Neurology. 2024 Sep 24;103(6):e209803. doi: 10.1212/WNL.0000000000209803. Epub 2024 Aug 29.
Ataxia is primarily considered to originate from the cerebellum. However, it can manifest without obvious cerebellar damage, such as in anterior circulation stroke, leaving the mechanisms of ataxia unclear. The aim of this study was to investigate whether stroke lesions causing limb ataxia localize to a common brain network.

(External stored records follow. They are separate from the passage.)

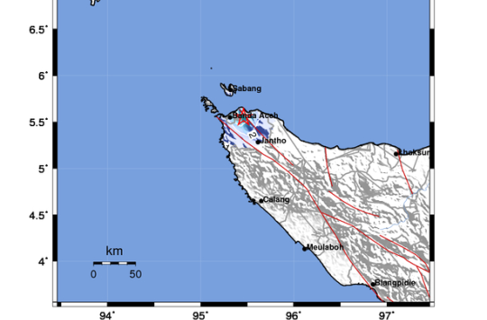 Mengutip laman BMKG dalam rilisnya jam07:34:23 WIB, lokasi pusat (Episenter) gempa terletak pada titik koordinat, 5,55 Lintang Utara (LU), 95,46 Bujur Timur (BT) , atau tepatnya berlokasi 38 KM di Darat, Barat Laut, Jantho di kedalaman (Hiposenter) 5 KM.
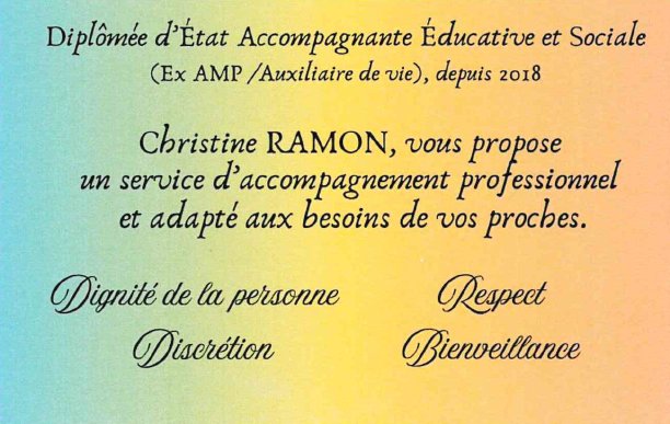 Christine RAMON, diplômée d'État Accompagnante éducative et sociale, vous propose un service d'accompagnement professionnel et adapté aux besoins de vos proches :
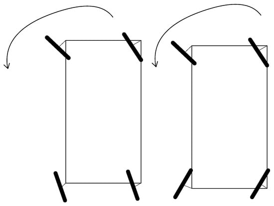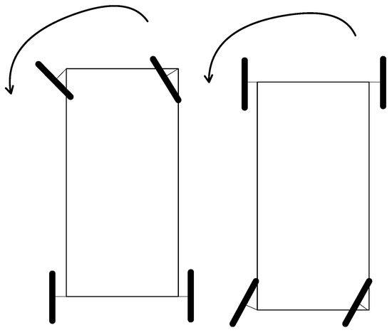 To ensure smooth maneuvering and prevent sideslip during turns, the active suspension adjusts the deflection angle of the inner and outer tires differently, resulting in a smaller turning radius for the inner tires. With each of the four wheel legs operating independently, software control is necessary to manage the steering angle of the inner and outer tires during turns, following the Ackermann steering principle. Active suspension steering includes two-wheel cornering steering and four-wheel cornering steering. Two-wheel cornering steering includes front-wheel and rear-wheel cornering steering, while four-wheel steering comprises four-wheel same-direction and four-wheel reverse steering. Various active suspension steering configurations are depicted in Figure 17 and Figure 18. The direction of the arrow indicates the turning direction.
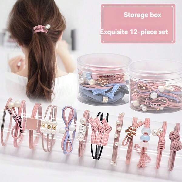 12pcs/Set Boxed Fashionable Pearl Head Rope Three-In-One Hair Band, Elastic Hair Tie, Forest Style Hair Accessory

In this prospective cohort study, adult patients with new-onset stroke with visible lesions on CT or MRI from Turku University Hospital, Finland, were clinically examined (1) after their stroke while still admitted to the hospital (baseline) and (2) 4 months later (follow-up) to assess limb ataxia. Lesion locations and their functional connectivity, computed using openly available data from 1,000 healthy volunteers from the Brain Genome Superstruct Project, were compared voxel-by-voxel across the whole brain between patients with and without ataxia, using voxel-based lesion-symptom mapping and lesion network mapping. The findings were confirmed in an independent stroke patient cohort with identical clinical assessments.

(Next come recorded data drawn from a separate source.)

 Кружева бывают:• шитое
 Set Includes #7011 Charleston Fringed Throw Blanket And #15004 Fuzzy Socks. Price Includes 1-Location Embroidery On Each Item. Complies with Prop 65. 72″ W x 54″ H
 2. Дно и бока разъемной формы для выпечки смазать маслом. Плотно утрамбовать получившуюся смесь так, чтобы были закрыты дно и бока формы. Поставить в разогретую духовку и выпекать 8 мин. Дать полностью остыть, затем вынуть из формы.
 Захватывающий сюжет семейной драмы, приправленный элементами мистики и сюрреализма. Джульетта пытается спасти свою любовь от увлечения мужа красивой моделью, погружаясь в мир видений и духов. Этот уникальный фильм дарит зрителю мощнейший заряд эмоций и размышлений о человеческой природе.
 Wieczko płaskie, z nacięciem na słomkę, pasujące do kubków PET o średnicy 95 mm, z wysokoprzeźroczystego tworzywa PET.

One hundred ninety-seven patients (mean age 67.2 years, 39%) were included in this study. At baseline, 35 patients (68.3 years, 34%) had and 162 (67.0 years, 40%) did not have new-onset acute limb ataxia. At follow-up, additional 4 patients had developed late-onset limb ataxia, totalling to 39 patients (68.6 years, 36%) with limb ataxia at any point. One hundred eighteen patients (66.2 years, 40%) did not have ataxia at any point (n = 40 with missing follow-up data). Lesions in 54% of the patients with acute limb ataxia were located outside the cerebellum and cerebellar peduncles, and we did not find an association between specific lesion locations and ataxia. Lesions causing acute limb ataxia, however, were connected to a common network centered on the intermediate zone cerebellum and cerebellar peduncles (lesion connectivity in patients with vs without acute limb ataxia, < 0.05). The results were similar when comparing patients with and without ataxia at any point, and when excluding lesions in the cerebellum and cerebellar peduncles ( < 005). The findings were confirmed in the independent stroke dataset (n 96), demonstrating an OR of 2.27 (95% CI 1.32-3.91) for limb ataxia per standard deviation increase in limb ataxia network damage score.
Lesions causing limb ataxia occur in heterogeneous locations but localize to a common brain network.
共济失调通常被认为起源于小脑。然而,在某些情况下,即使小脑没有明显损伤,也会出现共济失调,例如在前循环卒中时,其发病机制尚不清楚。本研究旨在探讨导致肢体共济失调的卒中病灶是否定位于共同的脑网络。
本前瞻性队列研究纳入了芬兰图尔库大学医院新发病灶性卒中且 CT 或 MRI 可见病灶的成年患者。在卒中后 1) 住院期间(基线)和 2) 4 个月后(随访)进行临床检查,以评估肢体共济失调。使用 Brain Genome Superstruct 项目中 1000 名健康志愿者的公开可用数据,对患者的病灶位置及其功能连接进行计算,通过基于体素的病灶-症状映射和病灶网络映射,对有和无共济失调患者的全脑进行逐像素比较。在具有相同临床评估的独立卒中患者队列中对研究结果进行了验证。
本研究共纳入 197 名患者(平均年龄 67.2 岁,39%)。基线时,35 名患者(68.3 岁,34%)出现新发急性肢体共济失调,162 名患者(67.0 岁,40%)无新发急性肢体共济失调。随访时,另外 4 名患者出现迟发性肢体共济失调,总计有 39 名患者(68.6 岁,36%)在任何时间点均有肢体共济失调。118 名患者(66.2 岁,40%)在任何时间点均无共济失调(40 名患者因随访数据缺失)。有急性肢体共济失调的患者中,54%的病灶位于小脑和小脑脚之外,且我们未发现特定病灶位置与共济失调之间存在关联。然而,导致急性肢体共济失调的病灶与以小脑间区和小脑脚为中心的共同网络相连(有急性肢体共济失调的患者与无急性肢体共济失调的患者相比,病灶连通性 < 0.05)。当比较任何时间点有和无共济失调的患者,以及当排除小脑和小脑脚病灶时,结果相似(< 0.05)。在独立的卒中数据集(n=96)中验证了这些发现,表明肢体共济失调网络损伤评分每增加一个标准差,肢体共济失调的比值比为 2.27(95%CI 1.32-3.91)。
导致肢体共济失调的病灶发生于异质部位,但定位于共同的脑网络。